5.3 What doesn’t work
Fixed-frequency positional encodings (Vaswani-style) assume evenly-spaced positions and predetermined scales. They can’t adapt to the data’s actual periodicities and don’t handle irregular timestamps.
Time2Vec learns periodic activations but uses a single linear component (no regularization, no gating, no multi-scale initialization). On our benchmark it learns slower and generalizes worse, particularly on random-context data where multi-scale temporal reasoning is essential.

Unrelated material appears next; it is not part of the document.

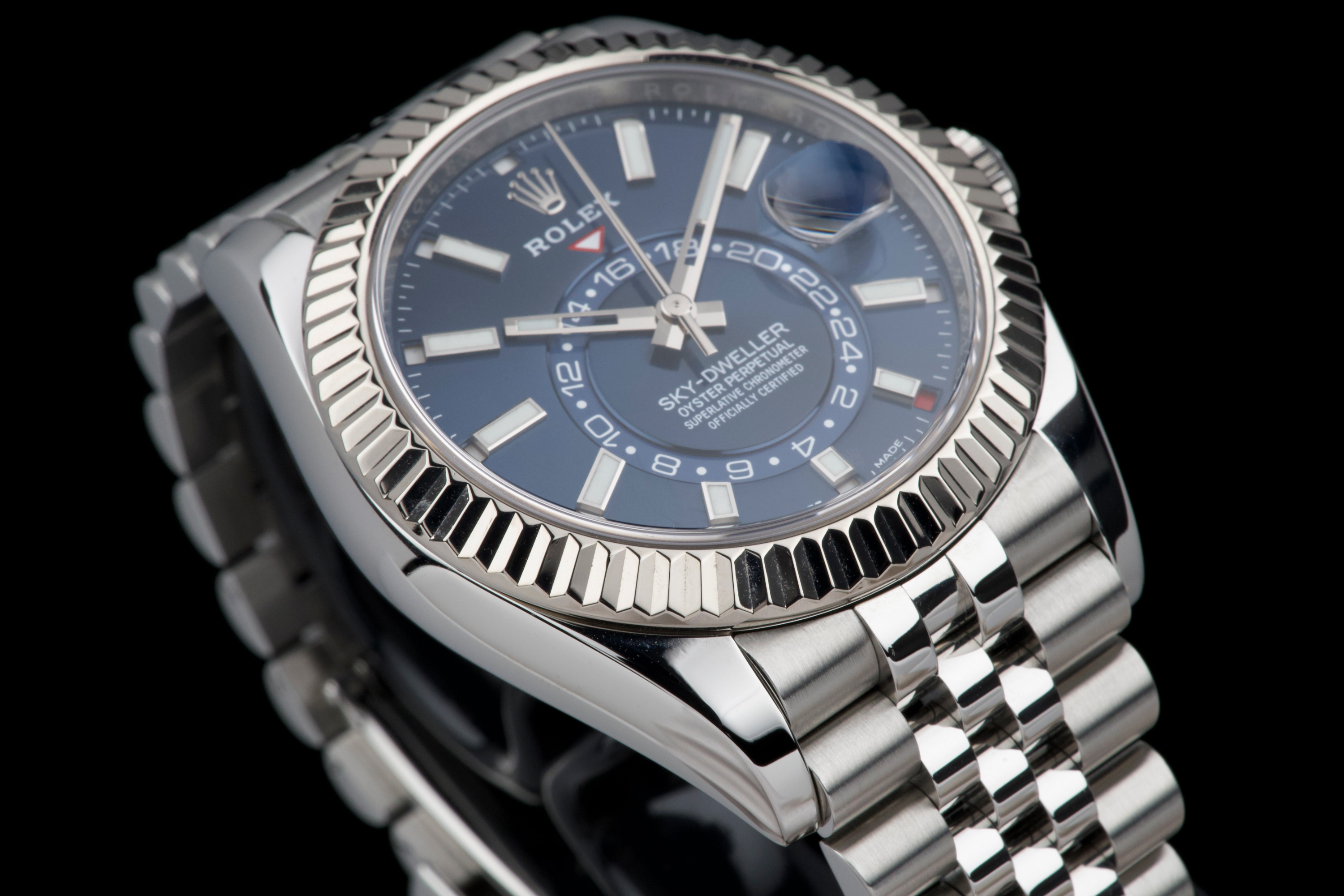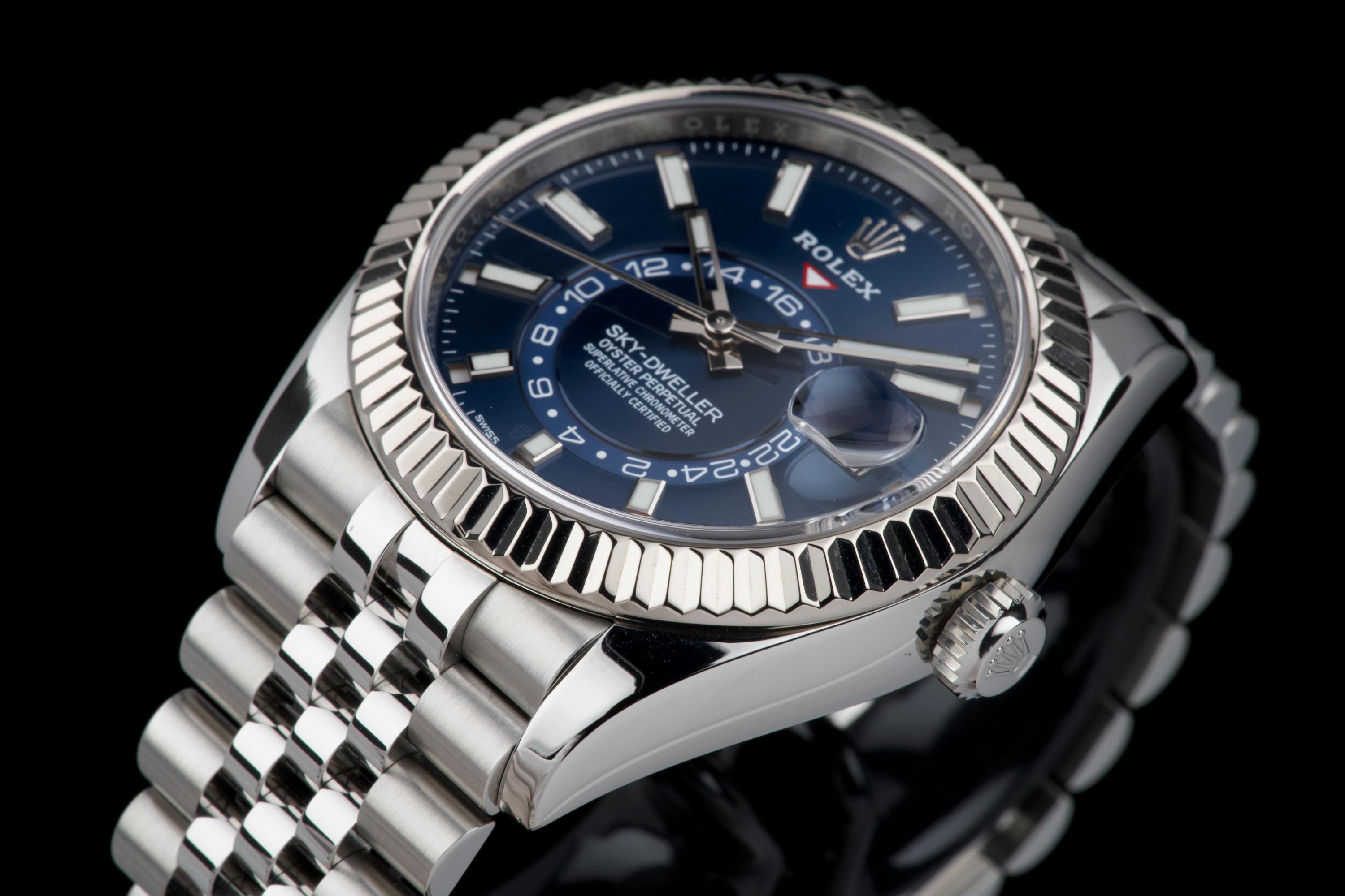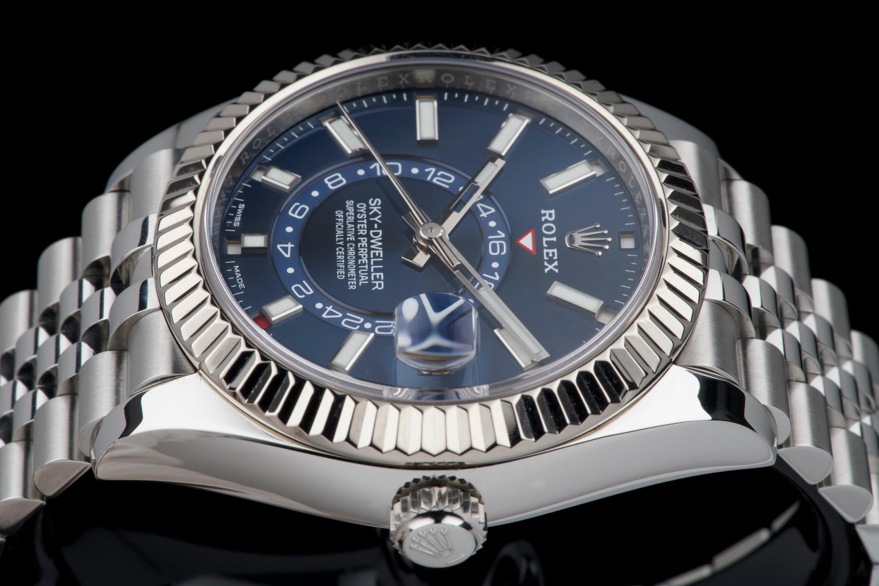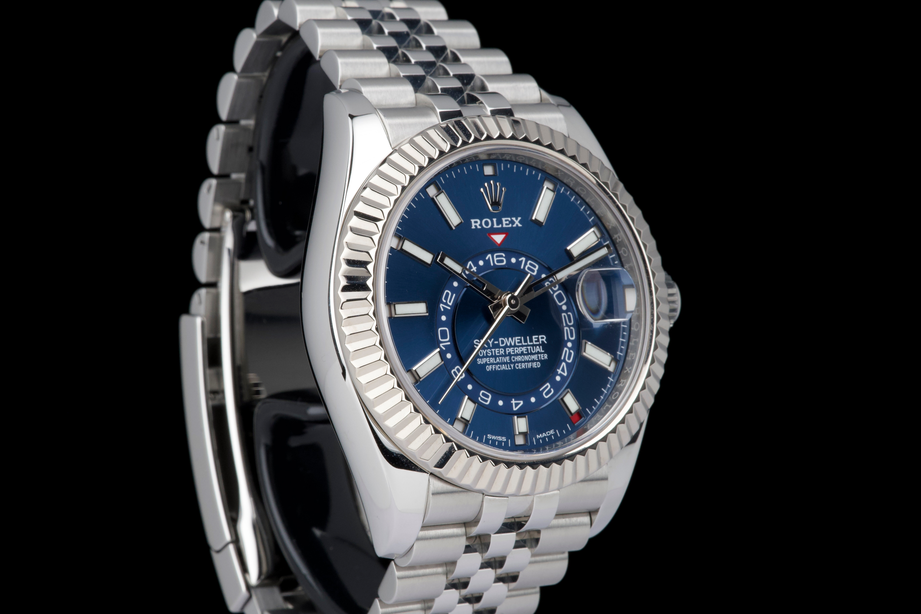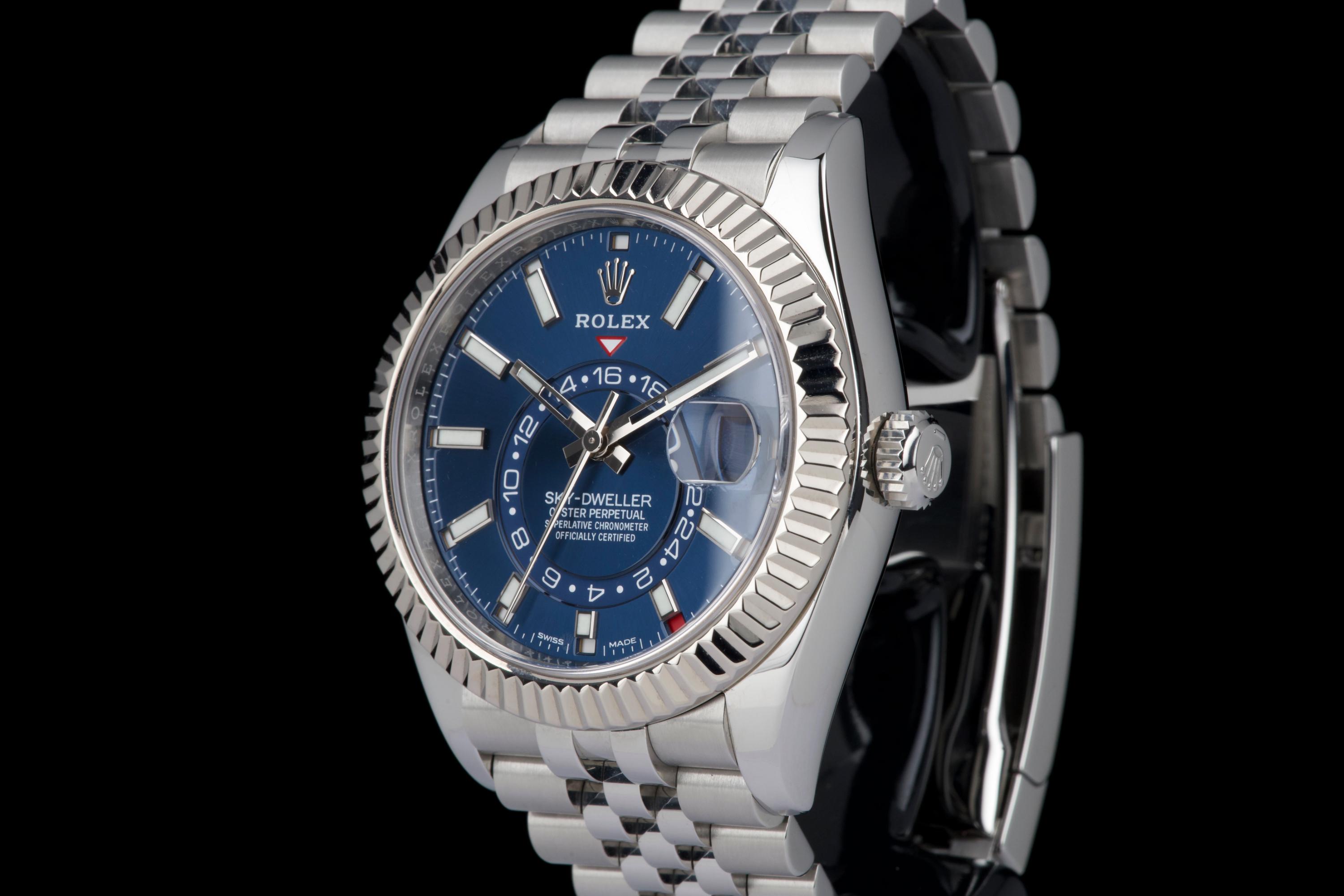 The Rolex Sky-Dweller 326934 is the brand’s most complex model, combining dual time zone functionality with an annual calendar, all elegantly integrated into a 42 mm case. This version pairs a striking sunburst blue dial with a white gold fluted bezel and a stainless steel jubilé bracelet—one of the most sought-after configurations in the lineup. This example was sold in 2021 and comes as a complete full set. It has never been worn, virtually new. A perfect blend of sophistication and functionality, the blue Sky-Dweller continues to be one of the most desirable modern Rolex references.

Calendar decomposition (embed hour, weekday, month separately) works when those are the right features. It fails when the relevant periodicity is, say, 11 days, or 3.5 cycles across an arbitrary date range. It also can’t handle sub-day timestamps or multi-year trends without being manually extended.
6. Conclusion
A raw Unix timestamp contains all temporal information at every scale. The gated dual-pathway encoding extracts it through learnable oscillators spanning 13 orders of magnitude, blended with a regularized trend pathway via an adaptive gate. No feature engineering, no calendar assumptions, no predetermined time scales.
The encoding is a general-purpose temporal representation module. It slots into any architecture that needs temporal context — time-series transformers, sequential decision models, or systems that must reason about when in addition to what. It works because it starts with maximum coverage and lets gradient descent do the selection.
References
- Vaswani, A. et al. “Attention Is All You Need.” NeurIPS, 2017.
- Kazemi, S. M. et al. “Time2Vec: Representing Time in Neural Networks.” NeurIPS, 2019.